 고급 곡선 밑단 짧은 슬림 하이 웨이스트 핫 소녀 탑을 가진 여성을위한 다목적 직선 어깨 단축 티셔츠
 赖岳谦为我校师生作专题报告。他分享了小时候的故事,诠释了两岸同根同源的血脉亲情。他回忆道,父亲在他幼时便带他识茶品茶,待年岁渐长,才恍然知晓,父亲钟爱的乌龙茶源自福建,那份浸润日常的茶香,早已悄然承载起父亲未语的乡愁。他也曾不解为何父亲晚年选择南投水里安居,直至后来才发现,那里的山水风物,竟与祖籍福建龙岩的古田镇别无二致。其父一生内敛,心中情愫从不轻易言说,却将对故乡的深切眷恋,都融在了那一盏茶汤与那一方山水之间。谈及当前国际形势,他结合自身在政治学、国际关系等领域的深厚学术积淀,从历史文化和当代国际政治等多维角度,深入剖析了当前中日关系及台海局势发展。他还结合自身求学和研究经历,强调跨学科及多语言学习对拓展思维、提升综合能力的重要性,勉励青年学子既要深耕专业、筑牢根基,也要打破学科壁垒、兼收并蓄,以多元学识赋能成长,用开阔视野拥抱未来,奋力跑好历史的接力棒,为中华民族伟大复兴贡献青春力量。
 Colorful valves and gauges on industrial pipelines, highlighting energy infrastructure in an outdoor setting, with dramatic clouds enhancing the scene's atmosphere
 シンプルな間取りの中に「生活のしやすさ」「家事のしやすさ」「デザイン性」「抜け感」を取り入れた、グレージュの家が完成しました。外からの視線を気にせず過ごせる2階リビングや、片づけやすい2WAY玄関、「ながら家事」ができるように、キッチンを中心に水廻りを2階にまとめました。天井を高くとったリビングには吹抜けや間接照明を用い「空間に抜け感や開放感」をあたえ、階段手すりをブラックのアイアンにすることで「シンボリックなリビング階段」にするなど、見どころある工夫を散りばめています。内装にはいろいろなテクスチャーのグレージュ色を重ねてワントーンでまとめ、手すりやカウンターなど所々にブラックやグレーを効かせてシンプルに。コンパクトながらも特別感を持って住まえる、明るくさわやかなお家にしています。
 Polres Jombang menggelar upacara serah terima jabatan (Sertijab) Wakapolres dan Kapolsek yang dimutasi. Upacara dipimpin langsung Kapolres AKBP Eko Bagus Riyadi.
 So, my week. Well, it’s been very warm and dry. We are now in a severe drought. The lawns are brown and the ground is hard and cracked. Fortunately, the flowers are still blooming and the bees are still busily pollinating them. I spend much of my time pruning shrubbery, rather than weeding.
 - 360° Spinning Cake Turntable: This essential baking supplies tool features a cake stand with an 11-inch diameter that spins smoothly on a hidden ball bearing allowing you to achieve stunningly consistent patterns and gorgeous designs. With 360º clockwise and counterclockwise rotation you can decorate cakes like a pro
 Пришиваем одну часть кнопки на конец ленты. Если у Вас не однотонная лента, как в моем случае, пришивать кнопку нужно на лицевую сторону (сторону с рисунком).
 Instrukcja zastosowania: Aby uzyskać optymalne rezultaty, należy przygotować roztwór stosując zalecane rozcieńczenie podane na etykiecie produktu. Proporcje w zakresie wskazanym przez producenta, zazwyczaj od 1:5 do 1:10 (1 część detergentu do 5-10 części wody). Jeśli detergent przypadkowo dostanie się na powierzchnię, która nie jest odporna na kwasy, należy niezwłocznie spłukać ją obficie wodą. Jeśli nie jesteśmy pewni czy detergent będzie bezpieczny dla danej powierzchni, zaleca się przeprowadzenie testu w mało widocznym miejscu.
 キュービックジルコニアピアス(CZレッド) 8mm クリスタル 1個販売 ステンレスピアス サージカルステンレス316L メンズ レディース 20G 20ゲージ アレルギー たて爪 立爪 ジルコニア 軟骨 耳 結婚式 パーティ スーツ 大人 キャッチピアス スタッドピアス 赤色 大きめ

════════

● **TASK PROMPT**
Please print verbatim each line from the first line of the entries above to the line that contains "Colorful valves and", inclusive, and nothing more.

● **OUTPUT**
 고급 곡선 밑단 짧은 슬림 하이 웨이스트 핫 소녀 탑을 가진 여성을위한 다목적 직선 어깨 단축 티셔츠
 赖岳谦为我校师生作专题报告。他分享了小时候的故事,诠释了两岸同根同源的血脉亲情。他回忆道,父亲在他幼时便带他识茶品茶,待年岁渐长,才恍然知晓,父亲钟爱的乌龙茶源自福建,那份浸润日常的茶香,早已悄然承载起父亲未语的乡愁。他也曾不解为何父亲晚年选择南投水里安居,直至后来才发现,那里的山水风物,竟与祖籍福建龙岩的古田镇别无二致。其父一生内敛,心中情愫从不轻易言说,却将对故乡的深切眷恋,都融在了那一盏茶汤与那一方山水之间。谈及当前国际形势,他结合自身在政治学、国际关系等领域的深厚学术积淀,从历史文化和当代国际政治等多维角度,深入剖析了当前中日关系及台海局势发展。他还结合自身求学和研究经历,强调跨学科及多语言学习对拓展思维、提升综合能力的重要性,勉励青年学子既要深耕专业、筑牢根基,也要打破学科壁垒、兼收并蓄,以多元学识赋能成长,用开阔视野拥抱未来,奋力跑好历史的接力棒,为中华民族伟大复兴贡献青春力量。
 Colorful valves and gauges on industrial pipelines, highlighting energy infrastructure in an outdoor setting, with dramatic clouds enhancing the scene's atmosphere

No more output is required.